La transhumance des abeilles, pratique ancestrale et essentielle pour de nombreux apiculteurs, consiste à déplacer les ruches afin de permettre aux colonies de butiner sur différentes sources de nectar au fil des saisons. Ce déplacement, bien que bénéfique pour la production de miel et la biodiversité, présente des défis logistiques et sanitaires importants. Cet article explore les diverses techniques de transhumance, les précautions à prendre, les équipements nécessaires et les réglementations en vigueur, en s'appuyant sur l'expérience d'apiculteurs et les connaissances scientifiques.

La transhumance est une pratique qui permet aux apiculteurs de multiplier les récoltes de miel.
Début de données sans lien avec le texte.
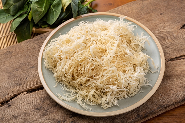 在海面上,龙须菜养殖户一大早就趁着好天气收割、打包。据了解,南日镇全镇龙须菜的养殖面积达2000多公顷,龙须菜容易养殖、生长周期短,一年可收成6到7次。龙须菜除了能当作优质饵料喂养鲍鱼,还可以作为果冻厂等厂家的原材料,是当地渔民重要的经济收入来源。

En suivant les floraisons successives, les apiculteurs peuvent optimiser la production et diversifier les types de miel récoltés. Par exemple, pour produire des miels de châtaignier, d'acacia ou de tilleul, les apiculteurs déplacent leurs ruches vers des régions spécifiques comme l'Ain. Pour la récolte du miel de lavande, les ruches sont transhumées vers les Alpes de Haute Provence, notamment sur le Plateau de Valensole.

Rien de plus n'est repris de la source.